Une autre pièce de théâtre de Heinrich von
Kleist. Et cette fois encore, il revisite l'histoire. Il nous fait remonter jusqu'à l'Antiquité romaine. Et dans le plus esprit des tragédies. Hermann, prince des Chérusques (Arminius pour les Romains), reçoit un ultimatum du prince des Suèves, Marbod. le général romain Quintilius Varus, gouverneur de la Germanie, lui offre son soutien. Mais Hermann voit derrière son double jeu, les Romains espèrent diviser les Germains pour mieux les asservir alors il décide secrètement de s'allier son ancien rival. Donc, Hermann envoie en secret un émissaire auprès de Marbod et, ensemble, ils préparent le guêt-apens : la Bataille de Teutoburg. Ce sera une des pires défaites de l'histoire romaine, trois légions seront anéanties. À la fin de l'engagement, Hermann, qui se préparait à rendre hommage à son ancien rival, se voit plutôt offrir la suprémacie des Germains.

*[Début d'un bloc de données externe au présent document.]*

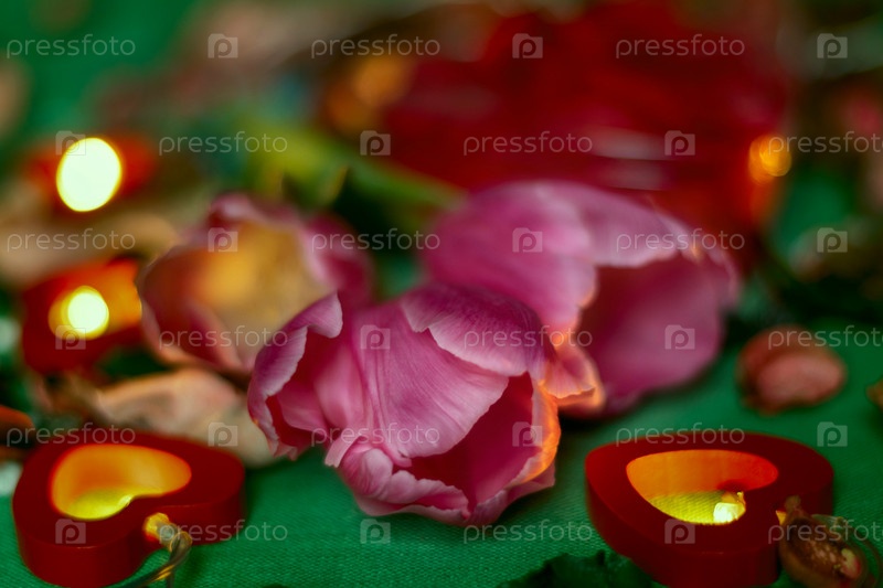 Букет тюльпанов, свечи и подарки, открытка на 14 февраля, День святого Валентина, 8 марта, свадьба, день рождения, день матери, размытый фон, боке
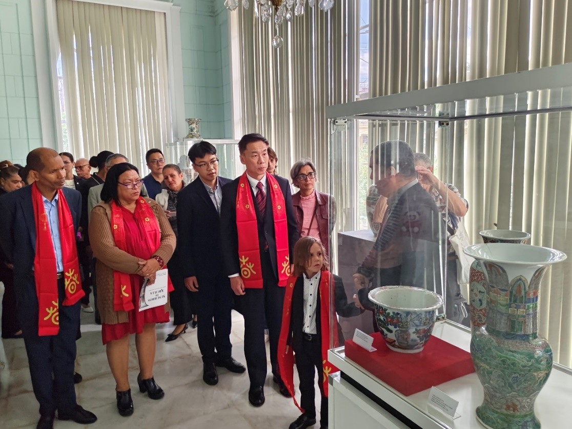 To celebrate the Chinese New Year, the special exhibition Happy Spring Festival: Celebrating Chinese New Year at the Museum opened on January 29 at the National Museum of Decorative Arts (MNAD) in Havana, Cuba. The event was jointly organised by the Embassy of the People’s Republic of China in Cuba and the MNAD. More than 100 guests attended the opening ceremony, including Sonia Virgen Pérez, president of Cuba’s National Council for Cultural Heritage; Yosvanis Fornaris, director of the MNAD; and Hua Xin, Chinese ambassador to the Republic of Cuba.
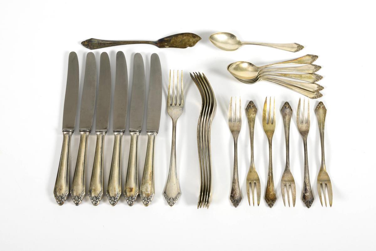 Art deco silver cutlery for 6 persons in 2 caskets. Hanseatische Silberwarenfabrik, Bremen.

On a vrament affaire à une pièce d'une autre époque. D'abord, l'intrigue, qui est très classique dans sa construction et lente à s'installer. Ensuite, tous les personnages, incluant les très nombreux Germains, barbares, s'expriment avec fluidité, dans le même langage : grandiloquent et démontrant une grande culture. Et ça m'a agacé ! Bon, Arminius a vécu une partie de sa vie dans l'Empire romain, ça s'explique un peu, mais les autres ? Un chef barbare ne devrait pas s'exprimer ainsi. Mais bon, si on met de côté tout ce genre de détails, qu'on les accepte, on peut se concentrer sur l'histoire, on a affaire à une intrigue intelligente finement. Ajoutons à cela des combats épiques, des doubles trahisons, et même un peu de romance et nous nous retrouvons avec une grande oeuvre. Autrement dit, la pièce a quelque chose de très Shakespearien.
Hermann / Arminus est une figure historique importante, libérateur des Germains, l'incarnation de la fierté de tout un peuple. Bref, le héros par excellence. À l'époque de la présentation de la pièce, au tout début du XIXe siècle, on assiste à l'éveil du nationalisme allemand ou pan-germanique. Très important alors que les troupes napoléonniennes malmènent les Allemands et les Prussiens sur tous les fronts… La Bataille d'Arminius arrive à point nommé et beaucoup de parallèles peuvent s'appliquer entre les deux situations. Cette pièce de
Kleist demeure un grand classique du genre.